BEGIN Input

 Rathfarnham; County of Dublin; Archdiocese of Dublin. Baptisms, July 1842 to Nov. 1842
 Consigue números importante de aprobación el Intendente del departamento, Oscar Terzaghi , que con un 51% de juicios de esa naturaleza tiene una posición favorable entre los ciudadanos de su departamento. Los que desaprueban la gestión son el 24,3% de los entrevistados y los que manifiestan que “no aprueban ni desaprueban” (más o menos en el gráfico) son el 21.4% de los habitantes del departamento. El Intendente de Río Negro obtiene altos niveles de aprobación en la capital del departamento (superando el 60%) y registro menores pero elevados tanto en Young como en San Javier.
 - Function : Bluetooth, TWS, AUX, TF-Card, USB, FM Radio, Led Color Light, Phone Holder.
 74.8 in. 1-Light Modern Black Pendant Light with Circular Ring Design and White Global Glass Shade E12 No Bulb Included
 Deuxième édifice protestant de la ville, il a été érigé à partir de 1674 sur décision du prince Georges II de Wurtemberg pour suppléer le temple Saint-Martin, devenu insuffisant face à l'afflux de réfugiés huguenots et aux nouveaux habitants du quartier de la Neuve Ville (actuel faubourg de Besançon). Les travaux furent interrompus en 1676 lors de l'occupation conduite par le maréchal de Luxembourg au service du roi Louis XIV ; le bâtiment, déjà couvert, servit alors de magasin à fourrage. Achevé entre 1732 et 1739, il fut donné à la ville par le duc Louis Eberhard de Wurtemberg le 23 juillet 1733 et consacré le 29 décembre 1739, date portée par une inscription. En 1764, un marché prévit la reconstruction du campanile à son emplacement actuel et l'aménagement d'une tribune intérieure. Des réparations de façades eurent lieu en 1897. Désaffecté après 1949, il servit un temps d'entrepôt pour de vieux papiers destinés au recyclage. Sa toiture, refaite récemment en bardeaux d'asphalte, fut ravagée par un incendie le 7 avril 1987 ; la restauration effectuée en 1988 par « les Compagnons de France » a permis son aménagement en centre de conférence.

END Input

- To do -
Each entry above must be repeated exactly, with nothing dropped.

- The answer -
 Rathfarnham; County of Dublin; Archdiocese of Dublin. Baptisms, July 1842 to Nov. 1842
 Consigue números importante de aprobación el Intendente del departamento, Oscar Terzaghi , que con un 51% de juicios de esa naturaleza tiene una posición favorable entre los ciudadanos de su departamento. Los que desaprueban la gestión son el 24,3% de los entrevistados y los que manifiestan que “no aprueban ni desaprueban” (más o menos en el gráfico) son el 21.4% de los habitantes del departamento. El Intendente de Río Negro obtiene altos niveles de aprobación en la capital del departamento (superando el 60%) y registro menores pero elevados tanto en Young como en San Javier.
 - Function : Bluetooth, TWS, AUX, TF-Card, USB, FM Radio, Led Color Light, Phone Holder.
 74.8 in. 1-Light Modern Black Pendant Light with Circular Ring Design and White Global Glass Shade E12 No Bulb Included
 Deuxième édifice protestant de la ville, il a été érigé à partir de 1674 sur décision du prince Georges II de Wurtemberg pour suppléer le temple Saint-Martin, devenu insuffisant face à l'afflux de réfugiés huguenots et aux nouveaux habitants du quartier de la Neuve Ville (actuel faubourg de Besançon). Les travaux furent interrompus en 1676 lors de l'occupation conduite par le maréchal de Luxembourg au service du roi Louis XIV ; le bâtiment, déjà couvert, servit alors de magasin à fourrage. Achevé entre 1732 et 1739, il fut donné à la ville par le duc Louis Eberhard de Wurtemberg le 23 juillet 1733 et consacré le 29 décembre 1739, date portée par une inscription. En 1764, un marché prévit la reconstruction du campanile à son emplacement actuel et l'aménagement d'une tribune intérieure. Des réparations de façades eurent lieu en 1897. Désaffecté après 1949, il servit un temps d'entrepôt pour de vieux papiers destinés au recyclage. Sa toiture, refaite récemment en bardeaux d'asphalte, fut ravagée par un incendie le 7 avril 1987 ; la restauration effectuée en 1988 par « les Compagnons de France » a permis son aménagement en centre de conférence.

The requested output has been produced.